Exercise instructions: Skip the pictures and write out, word for word, the lines below from the one with "Смеситель для раковины" through the one with "만일 아파트를 팔고자", inclusive.

Records for the exercise:
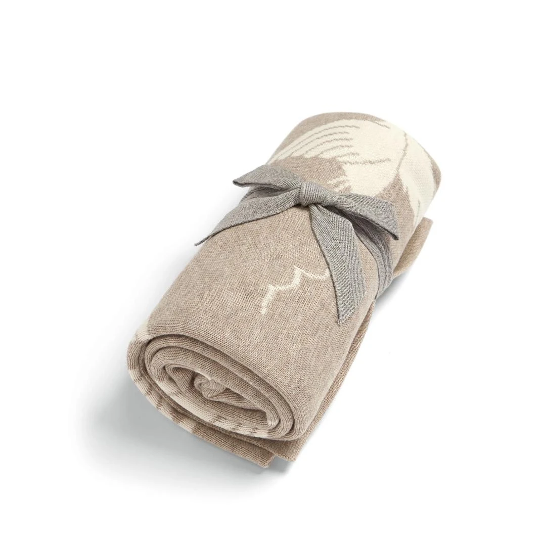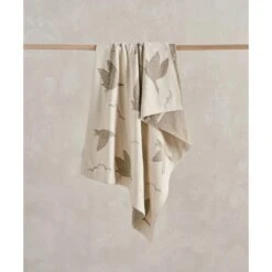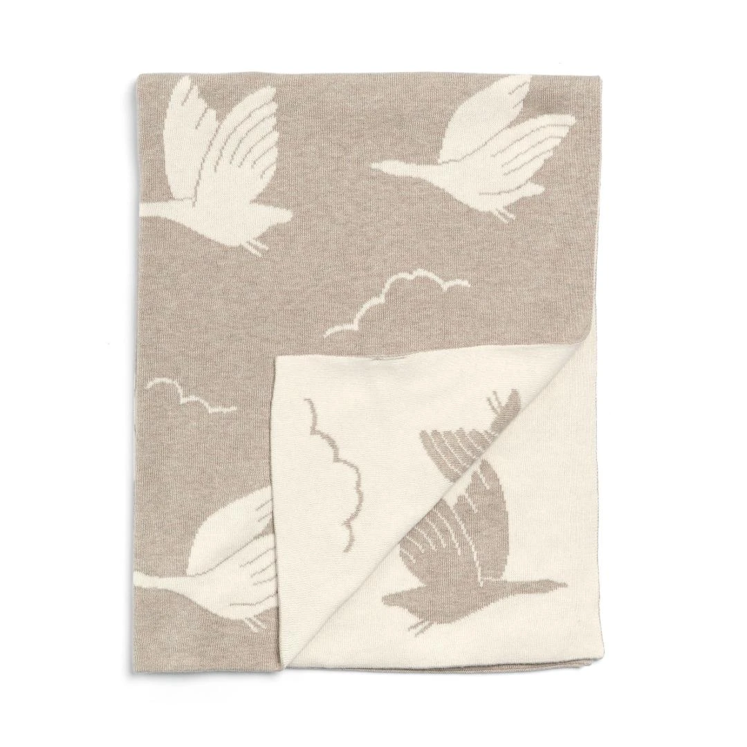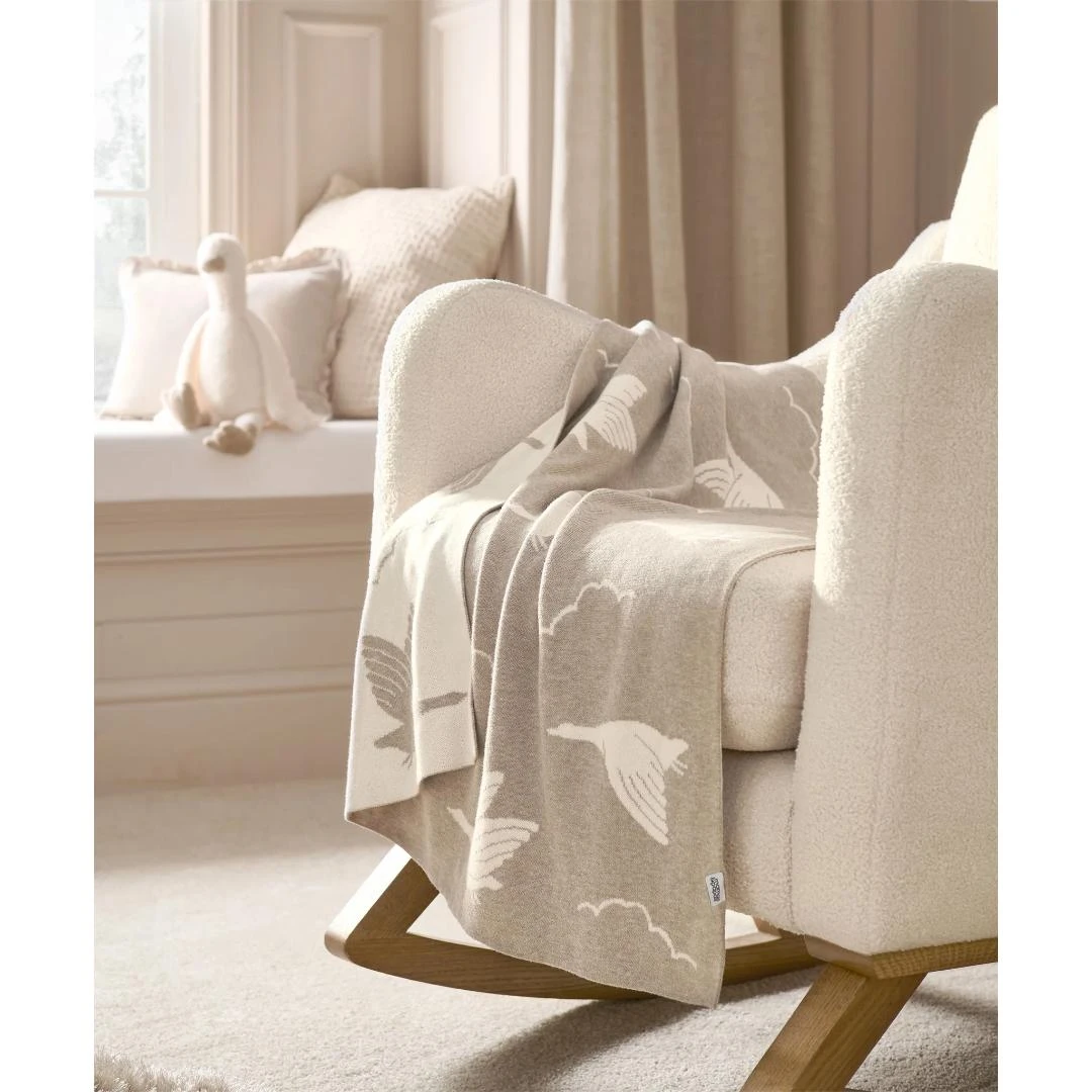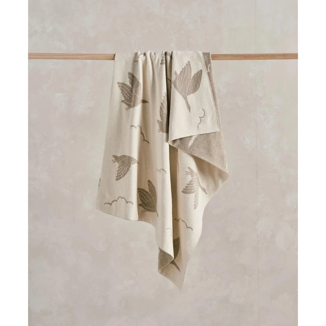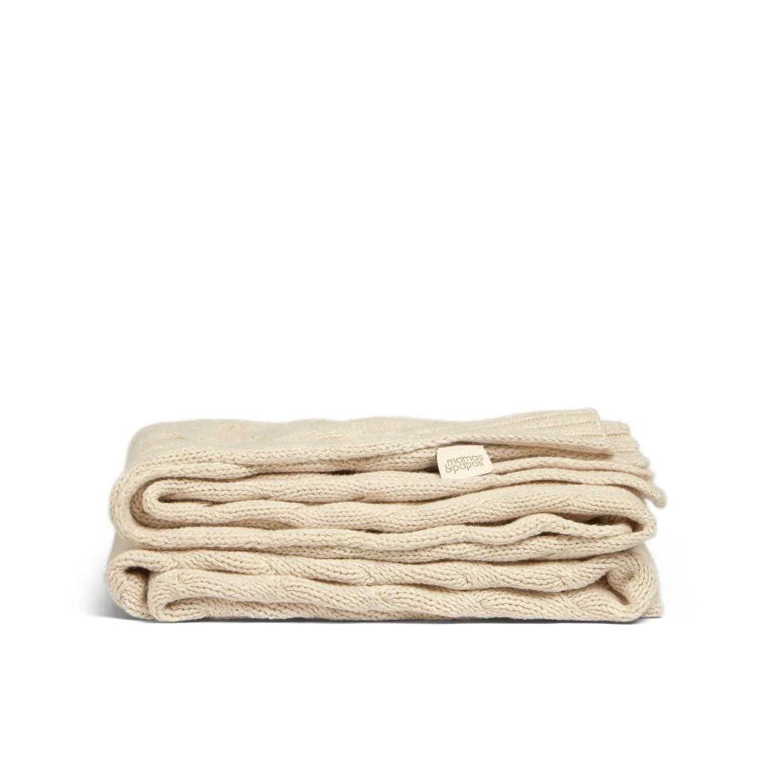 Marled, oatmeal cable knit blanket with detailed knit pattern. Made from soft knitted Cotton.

* * *

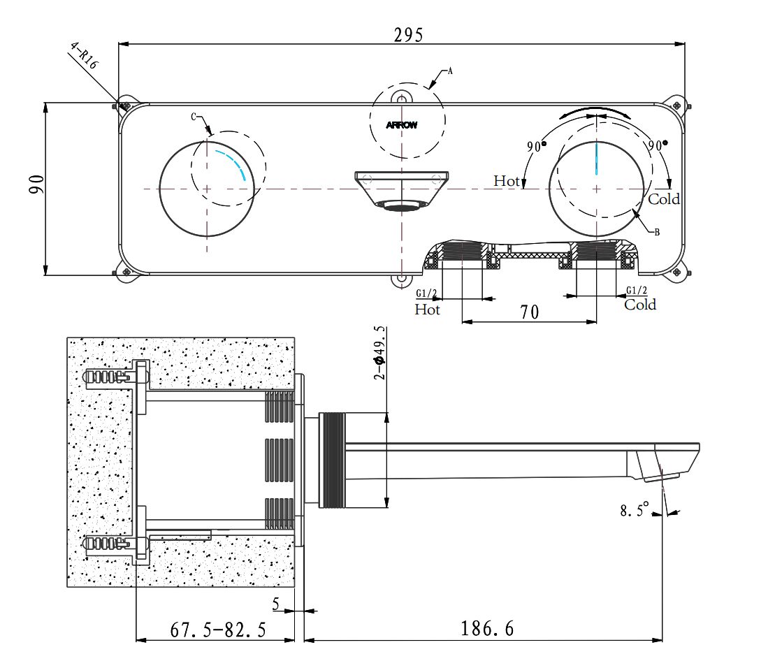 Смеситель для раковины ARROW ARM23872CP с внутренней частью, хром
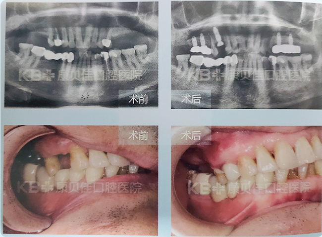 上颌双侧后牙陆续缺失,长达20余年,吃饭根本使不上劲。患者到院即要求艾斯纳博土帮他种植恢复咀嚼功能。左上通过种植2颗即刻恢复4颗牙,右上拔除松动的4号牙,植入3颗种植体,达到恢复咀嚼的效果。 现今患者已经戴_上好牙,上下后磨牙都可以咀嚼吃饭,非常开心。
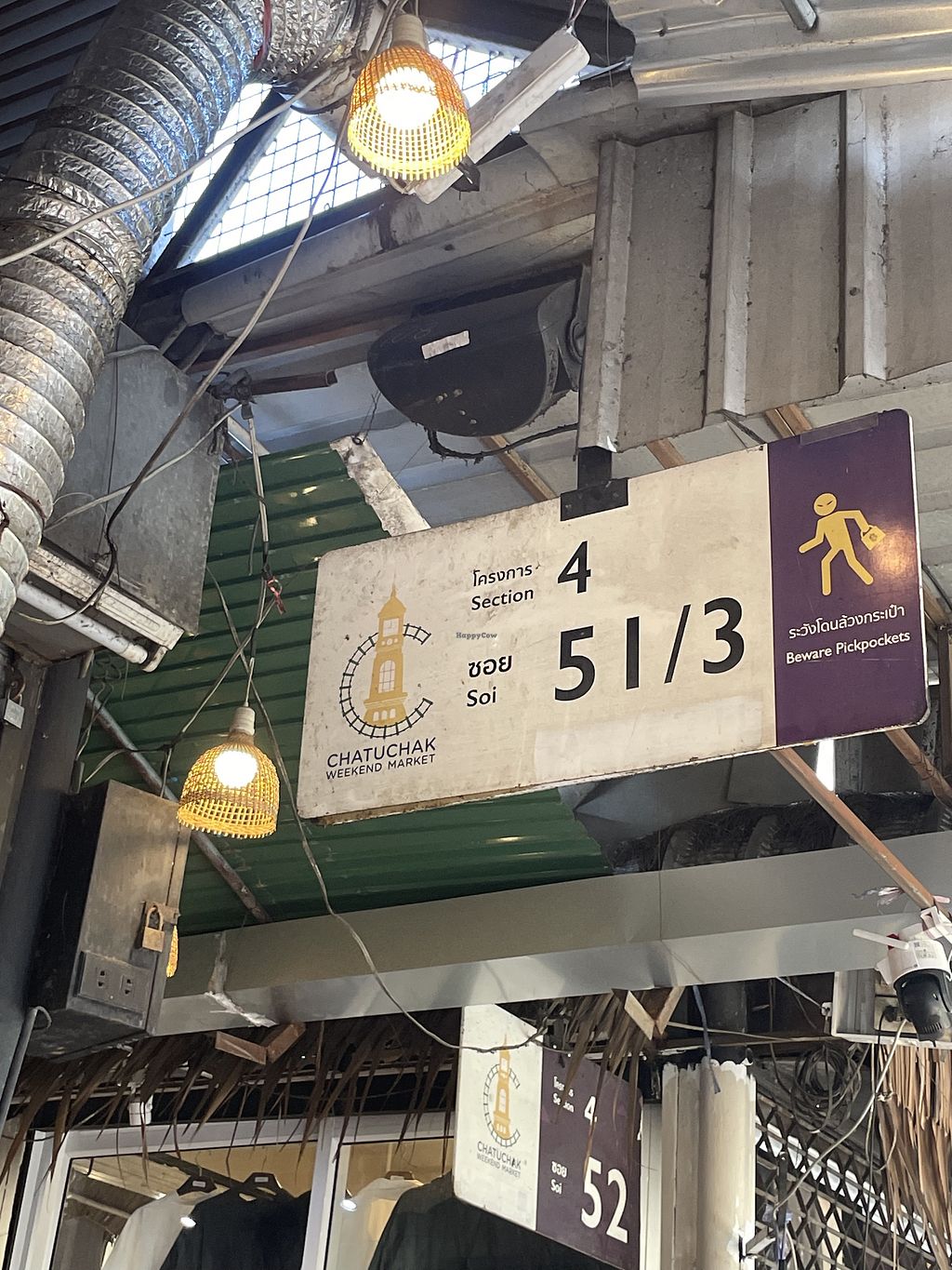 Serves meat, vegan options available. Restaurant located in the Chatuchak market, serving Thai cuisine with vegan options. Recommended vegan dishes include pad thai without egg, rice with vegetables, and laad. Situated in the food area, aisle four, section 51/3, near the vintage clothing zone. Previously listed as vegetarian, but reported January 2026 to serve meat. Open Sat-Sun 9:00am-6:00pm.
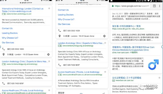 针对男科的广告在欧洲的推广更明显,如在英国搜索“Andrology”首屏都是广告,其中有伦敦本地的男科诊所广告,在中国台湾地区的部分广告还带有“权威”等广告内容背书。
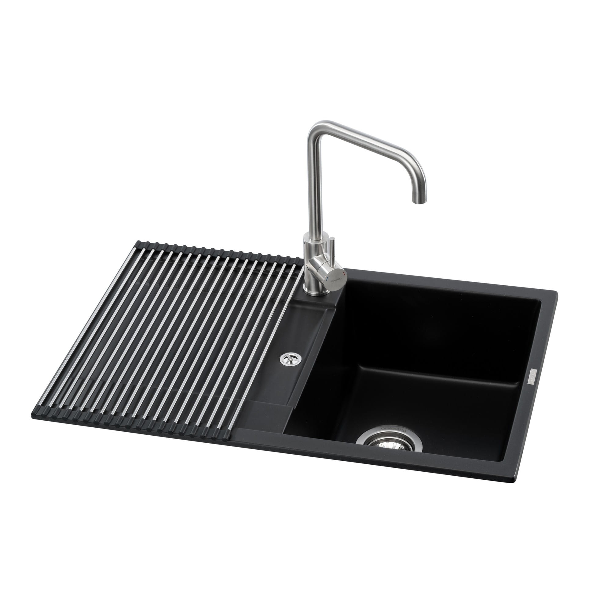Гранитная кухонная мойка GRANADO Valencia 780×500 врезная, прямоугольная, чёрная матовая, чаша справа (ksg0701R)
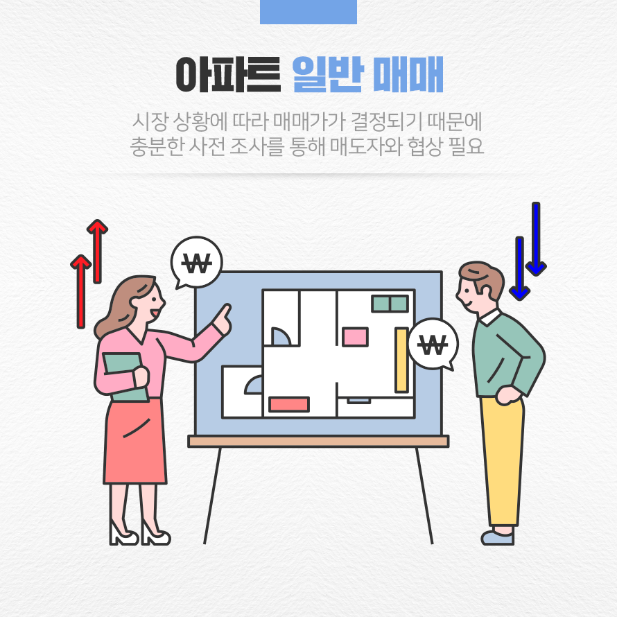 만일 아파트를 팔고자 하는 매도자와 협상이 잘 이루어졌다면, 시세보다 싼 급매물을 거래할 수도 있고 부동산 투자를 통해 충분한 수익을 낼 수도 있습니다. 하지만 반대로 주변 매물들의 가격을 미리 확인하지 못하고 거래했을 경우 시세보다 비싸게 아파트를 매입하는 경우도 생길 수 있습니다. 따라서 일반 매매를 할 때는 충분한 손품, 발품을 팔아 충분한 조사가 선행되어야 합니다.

Exercise solution:
 Смеситель для раковины ARROW ARM23872CP с внутренней частью, хром
 上颌双侧后牙陆续缺失,长达20余年,吃饭根本使不上劲。患者到院即要求艾斯纳博土帮他种植恢复咀嚼功能。左上通过种植2颗即刻恢复4颗牙,右上拔除松动的4号牙,植入3颗种植体,达到恢复咀嚼的效果。 现今患者已经戴_上好牙,上下后磨牙都可以咀嚼吃饭,非常开心。
 Serves meat, vegan options available. Restaurant located in the Chatuchak market, serving Thai cuisine with vegan options. Recommended vegan dishes include pad thai without egg, rice with vegetables, and laad. Situated in the food area, aisle four, section 51/3, near the vintage clothing zone. Previously listed as vegetarian, but reported January 2026 to serve meat. Open Sat-Sun 9:00am-6:00pm.
 针对男科的广告在欧洲的推广更明显,如在英国搜索“Andrology”首屏都是广告,其中有伦敦本地的男科诊所广告,在中国台湾地区的部分广告还带有“权威”等广告内容背书。
Гранитная кухонная мойка GRANADO Valencia 780×500 врезная, прямоугольная, чёрная матовая, чаша справа (ksg0701R)
 만일 아파트를 팔고자 하는 매도자와 협상이 잘 이루어졌다면, 시세보다 싼 급매물을 거래할 수도 있고 부동산 투자를 통해 충분한 수익을 낼 수도 있습니다. 하지만 반대로 주변 매물들의 가격을 미리 확인하지 못하고 거래했을 경우 시세보다 비싸게 아파트를 매입하는 경우도 생길 수 있습니다. 따라서 일반 매매를 할 때는 충분한 손품, 발품을 팔아 충분한 조사가 선행되어야 합니다.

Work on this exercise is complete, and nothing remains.